Almanya Başbakanı Merkel ve Eyalet Başkanları, Corona nedeniyle sosyal mesafe yasağını 3 Mayıs’a kadar uzattılar.

Okullar 4 Mayıs’a kadar kapalı kalacak.

Konser, festival, düğün-nişan gibi eğlence, kutlama ve kültürel etkinlikler için getirilen yasaklar 31 Ağustos'a kadar devam edecek.

Alışveriş merkezleri, cafe, restoran, bar, diskotek, otel, ibadethane vb yerler de kapalı kalmaya devam edecek.

Kuaför, güzellik salonları gibi bakım hizmeti sunan işyerleri, hijyen kurallarına uyulması kaydıyla 4 Mayıs’tan itibaren açılabilecek.

Otomobil galerileri, kitapçılar, bisiklet mağazaları gibi işletmeler, metrekareye bakılmaksızın faaliyete geçebilecek.

ARAŞTIRMA MERKEZLERİ CORONA KARŞISINDA YETERSİZ KALDI

Devlet bütçesinin % 3’ü, her yıl  tekniğin ve bilimin  araştırılması ve geliştirilmesi  için verilir.

Corona virüsü karşısında çaresiz kalan araştırma merkezleri, kendilerinin yetersiz kaldığını teslim etmişlerdir.

Corona virüsü böyle devam ettiği sürece eğitim ve kültürel etkinlikler gerileyecek.

Tüm Dünya’da ekonomi küçülüp, krizler ve açlık baş gösterebilir.

Acaba Emperyalizm, insanın daha önemli olduğunu dikkate alacak mı?  Yoksa 3 Mayıs’tan sonra ‘her şey normale döndü’ diyerek eskisi gibi devam mı edecek? Gelişmelere bakılırsa ölen ölür kalan sağlar bizimdir diyerek yeni bir yöntemi izleyecek.

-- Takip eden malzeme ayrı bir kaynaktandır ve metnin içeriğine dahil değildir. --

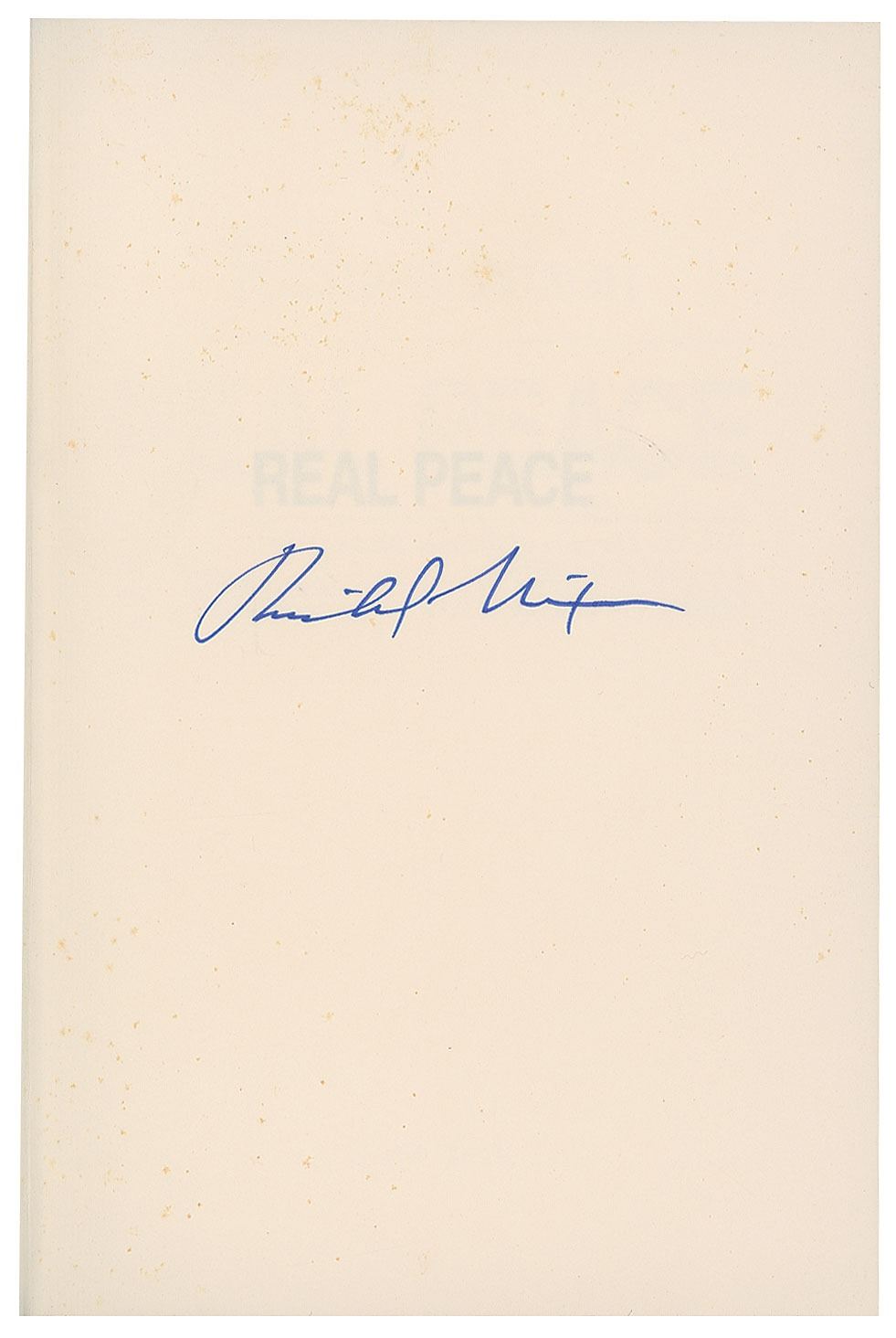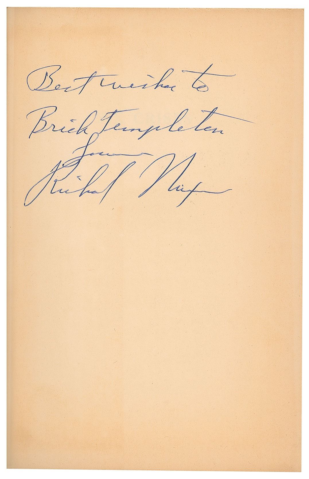 Two signed books: Real Peace: A Strategy for the West, privately printed in an edition of 1,000 copies, signed on the first free end page in blue felt tip by Richard Nixon; and a first edition of Six Crises, hardcover with dust jacket, signed and inscribed on the first free end page in blue ballpoint, "Best wishes to Brick Templeton, from Richard Nixon." In very good to fine condition, with creasing and tears to the Six Crises dust jacket.

Şimdiye kadar Emperyalizm, karlarına kar katarak insan değerini hiçe saymıştır.  

Doğayı hiç düşünmeden her yeri betonlaştırdı ve havayı kirletti. Doğayı yok ederken insani değerlere ve sağlığına karşı hiç bir tedbir almadı. Büyük şehirler, hava kirliğinden dolayı yaşanılmaz hale gelmiştir.

Bu gün dünyanın içine düştüğü bu zor durum ve çaresizlik hat safhada! Emperyalizmin 'kağıttan kaplan' olduğunu söyleyenlere karşı amansızca  yok etme metodu uygulanıyordu.

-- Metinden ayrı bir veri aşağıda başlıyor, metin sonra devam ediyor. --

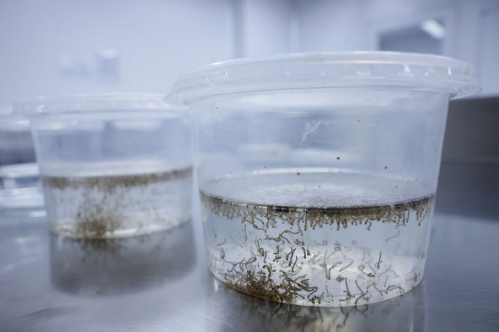 [캄피나스=AP/뉴시스] 1일(현지 시간) 브라질 상파울루주 캄피나스의 한 연구실 실험 용기에 뎅기열 차단 박테리아 '볼바키아'(Wolbachia)에 감염된 집모기 유충들이 담겨 있다. 브라질 보건당국은 뎅기열뿐만 아니라 지카, 치쿤구니야 등의 질병을 예방할 수 있는 '볼바키아' 감염 모기를 실험실에서 배양, 방사해 지역 모기 개체군과 교배시켜 질병을 예방하도록 하고 있다. 세계보건기구(WHO) 자료에 따르면, 브라질에서는 지난해 6천297명이 뎅기열로 사망했다. 2025.10.02.

Bu işin sonucunda yine fakir halk yığınları iyice fakirleşip ve yoksullaşacaklardır.

Bundan acaba ders çıkartılacak mı, yoksa hiç bir şey olmamış gibi devam mı edilecektir?

Şu bir gerçektir ki, hiç kimse her şeyin eskisi gibi yürümeyeceğini iyice düşünmelidir.

Yenidünya düzeni eskisi gibi olmayacak!

Tüm dünyada; dünyayı kavuran, günlük yaşamı alt üst eden Corona virüsün, başka hastalıklarla birleşmeyeceğinin garantisini kim verebilir ki?  Okulları kapatıp günlük yaşamda insanları caddelerde 2 metre uzakta yürütmekle bu sorunun üstesinden gelineceğini düşünmek, bir yerde güneşi balçıkla sıvamak gibi oluyor.

Corona virüsün girmediği hiç bir ülke kalmadığı gibi, günde çok sayıda insanın yaşamını yitirdiği bir gerçektir.  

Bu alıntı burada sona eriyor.